Unscrambling disease progression at scale: fast inference of event permutations with optimal transport

TL;DR

This paper introduces a novel optimal transport-based method for fast, scalable inference of disease progression event sequences, enabling detailed modeling of neurodegenerative and age-related conditions with high accuracy and interpretability.

Contribution

It presents a new approach leveraging optimal transport for permutation inference, achieving 1000x faster results and handling more features than existing methods.

Findings

Significantly faster inference than state-of-the-art methods.

Demonstrated robustness to noise in simulated data.

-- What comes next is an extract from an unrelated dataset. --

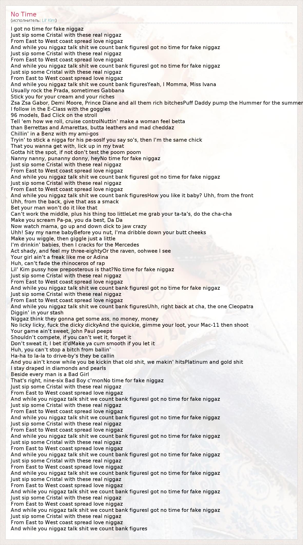 I got no time for fake niggaz Just sip some Cristal with these real niggaz From East to West coast spread love niggaz And while you niggaz talk shit we count bank figuresI got no time for fake niggaz Just sip some Cristal with these real niggaz From East to West coast spread love niggaz And while you niggaz talk shit we count bank figuresI got no time for fake niggaz Just sip some Cristal with these real niggaz From East to West coast spread love niggaz And while you niggaz talk shit we count bank figuresYeah, I Momma, Miss Ivana Usually rock the Prada, sometimes Gabbana Stick you for your cream and your riches Zsa Zsa Gabor, Demi Moore, Prince Diane and all them rich bitchesPuff Daddy pump the Hummer for the summer I follow in the E-Class with the goggles 96 models, Bad Click on the stroll Tell 'em how we roll, cruise controlNuttin' make a woman feel betta than Berrettas and Amarettas, butta leathers and mad cheddaz Chillin' in a Benz with my ami-gos Tryin' to stick a nigga for his pe-sosIf you say so's, then I'm the same chick That you wanna get with, lick up in my twat Gotta hit the spot, if not don't test the poom poom Nanny nanny, punanny donny, heyNo time for fake niggaz Just sip some Cristal with these real niggaz From East to West coast spread love niggaz And while you niggaz talk shit we count bank figuresI got no time for fake niggaz Just sip some Cristal with these real niggaz From East to West coast spread love niggaz And while you niggaz talk shit we count bank figuresHow you like it baby? Uhh, from the front Uhh, from the back, give that ass a smack Bet your man won't do it like that Can't work the middle, plus his thing too littleLet me grab your ta-ta's, do the cha-cha Make you scream Pa-pa, you da best, Da Da Now watch mama, go up and down dick to jaw crazy Uhh! Say my name babyBefore you nut, I'ma dribble down your butt cheeks Make you wiggle, then giggle just a little I'm drinkin' babies, then I cracks for the Mercedes Act shady, and feel my three-eightyOr the raven, oohwee I see Your girl ain't a freak like me or Adina Huh, can't fade the rhinoceros of rap Lil' Kim pussy how preposterous is that?No time for fake niggaz Just sip some Cristal with these real niggaz From East to West coast spread love niggaz And while you niggaz talk shit we count bank figuresI got no time for fake niggaz Just sip some Cristal with these real niggaz From East to West coast spread love niggaz And while you niggaz talk shit we count bank figuresUhh, right back at cha, the one Cleopatra Diggin' in your stash Niggaz think they gonna get some ass, no money, money No licky licky, fuck the dicky dickyAnd the quickie, gimme your loot, your Mac-11 then shoot Your game ain't sweet, John Paul peeps Shouldn't compete, if you can't wet it, forget it Don't sweat it, I bet it'dMake ya cum smooth if you let it Huh, you can't stop a bitch from ballin' Ha-ha to la-la to drive-by's they be callin And you ain't know while you be kickin that old shit, we makin' hitsPlatinum and gold shit I stay draped in diamonds and pearls Beside every man is a Bad Girl That's right, nine-six Bad Boy c'monNo time for fake niggaz Just sip some Cristal with these real niggaz From East to West coast spread love niggaz And while you niggaz talk shit we count bank figuresI got no time for fake niggaz Just sip some Cristal with these real niggaz From East to West coast spread love niggaz And while you niggaz talk shit we count bank figuresI got no time for fake niggaz Just sip some Cristal with these real niggaz From East to West coast spread love niggaz And while you niggaz talk shit we count bank figuresI got no time for fake niggaz Just sip some Cristal with these real niggaz From East to West coast spread love niggaz And while you niggaz talk shit we count bank figuresI got no time for fake niggaz Just sip some Cristal with these real niggaz From East to West coast spread love niggaz And while you niggaz talk shit we count bank figuresI got no time for fake niggaz Just sip some Cristal with these real niggaz From East to West coast spread love niggaz And while you niggaz talk shit we count bank figuresI got no time for fake niggaz Just sip some Cristal with these real niggaz From East to West coast spread love niggaz And while you niggaz talk shit we count bank figuresI got no time for fake niggaz Just sip some Cristal with these real niggaz From East to West coast spread love niggaz And while you niggaz talk shit we count bank figures
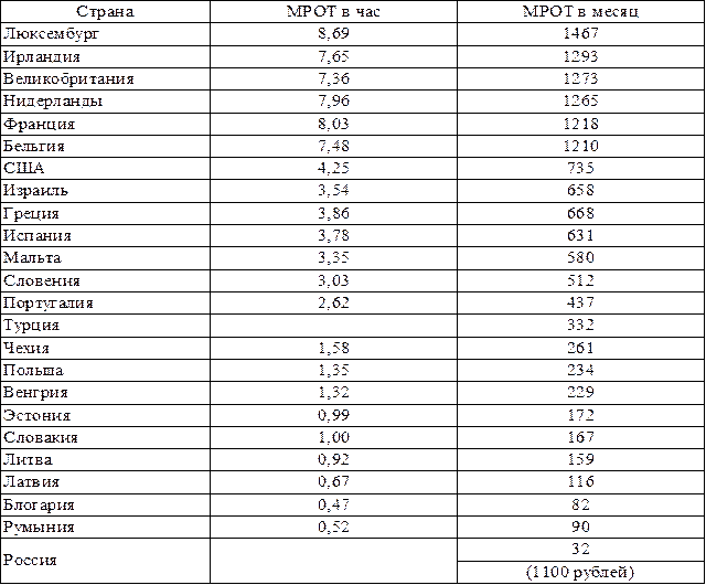В зарубежных странах государственный МРОТ регулярно пересматривается с учетом уровня инфляции и других факторов. Например, во Франции разработан механизм, предусматривающий автоматический рост размера МРОТ при росте цен на 2 %. В США МРОТ изменяется по мере необходимости, но законодательством не предусмотрены государственные обязательства по его пересмотру. В целом, регулирование МРОТ осуществляется на основе законов (США, Франция, Испания и др.) и соглашений (Великобритания, Германия, Италия и др.). Определенное воздействие на доходы трудящихся оказывают фонды потребления, т. е. соответствующие социальные выплаты или социальные фонды государства и предприятий. В странах Западной Европы размер минимальной месячной зарплаты превышает российский в десятки раз, составляя в среднем от 400 до 1500 евро, напомним, что в России минимальный размер оплаты труда (МРОТ) составляет 1100 рублей в месяц (эквивалентно примерно 32 евро) (табл. 6). По типу регулирования минимальной заработной платы экономически развитые страны можно разделить на две группы. К первой относятся те, где минимальная заработная плата устанавливается законодательно (например, Испания, Ирландия, Греция, Япония и др.). А в таких государствах, как Германия, Австрия, Италия, Финляндия, Норвегия, Швеция, Швейцария, общегосударственного размера минимальных гарантий оплаты труда нет. Минимальная ставка определяется в коллективных соглашениях в разных секторах экономики. В этих государствах говорят о минимальной зарплате в строительной отрасли, в здравоохранении, у транспортников, но не о минимальной зарплате в целом по стране. Особенностью МРОТ в Европе и Америке является то, что рассчитывается он не только за месяц, но и за день и даже за час (а кое-где и только за час). Например, в Ирландии официально существующий МРОТ равняется 6,35 евро в час. В Соединенных Штатах он равняется 6 долл. в час, но к 2009 г. должен быть увеличен до 7,25 долл. "В Финляндии сумма минимальной оплаты труда оговаривается в трудовом договоре отдельно для каждой сферы. Но тем не менее есть общие минимальные нормы. С 01.01.2006 г. размер минимальной зарплаты за месяц составляет 940 евро, за день - 43,72 евро, за час - 5,46 евро", - рассказывает Тарья Тиирикайнен, директор представительства Финско-Российской торговой палаты в Петербурге. Рекордсменом же по степени заботы о своих гражданах является Люксембург. Любой работающий гражданин этой крошечной страны может рассчитывать на месячный минимум в 1503 евро. Российский же МРОТ является самым низким в Европе. Для сравнения: даже наш сосед - Украина - гарантирует своим гражданам минимальную зарплату в 483 гривны (приблизительно 77 евро). По замыслу российских законодателей МРОТ должен был способствовать установлению социальной справедливости и предотвращению произвола работодателей по отношению к наемным работникам. Однако в нашей стране он выполняет скорее декоративную функцию. Предполагалось, что эталоном организации заработной платы в России должна служить бюджетная сфера, на которую следовало ориентироваться хозяйствующим субъектам других форм собственности. Для организаций и учреждений бюджетной сферы государственная ЕТС до 2005 г. являлась документом прямого действия, а для предпринимательского сектора — лишь рекомендацией. Далее в табл. 7, 8 представлены динамика та

Successfully applied to real-world Alzheimer's and macular degeneration datasets.

Abstract

Disease progression models infer group-level temporal trajectories of change in patients' features as a chronic degenerative condition plays out. They provide unique insight into disease biology and staging systems with individual-level clinical utility. Discrete models consider disease progression as a latent permutation of events, where each event corresponds to a feature becoming measurably abnormal. However, permutation inference using traditional maximum likelihood approaches becomes prohibitive due to combinatoric explosion, severely limiting model dimensionality and utility. Here we leverage ideas from optimal transport to model disease progression as a latent permutation matrix of events belonging to the Birkhoff polytope, facilitating fast inference via optimisation of the variational lower bound. This enables a factor of 1000 times faster inference than the current state of the art and, correspondingly, supports models with several orders of magnitude more features than the current state of the art can consider. Experiments demonstrate the increase in speed, accuracy and robustness to noise in simulation. Further experiments with real-world imaging data from two separate datasets, one from Alzheimer's disease patients, the other age-related macular degeneration, showcase, for the first time, pixel-level disease progression events in the brain and eye, respectively. Our method is low compute, interpretable and applicable to any progressive condition and data modality, giving it broad potential clinical utility.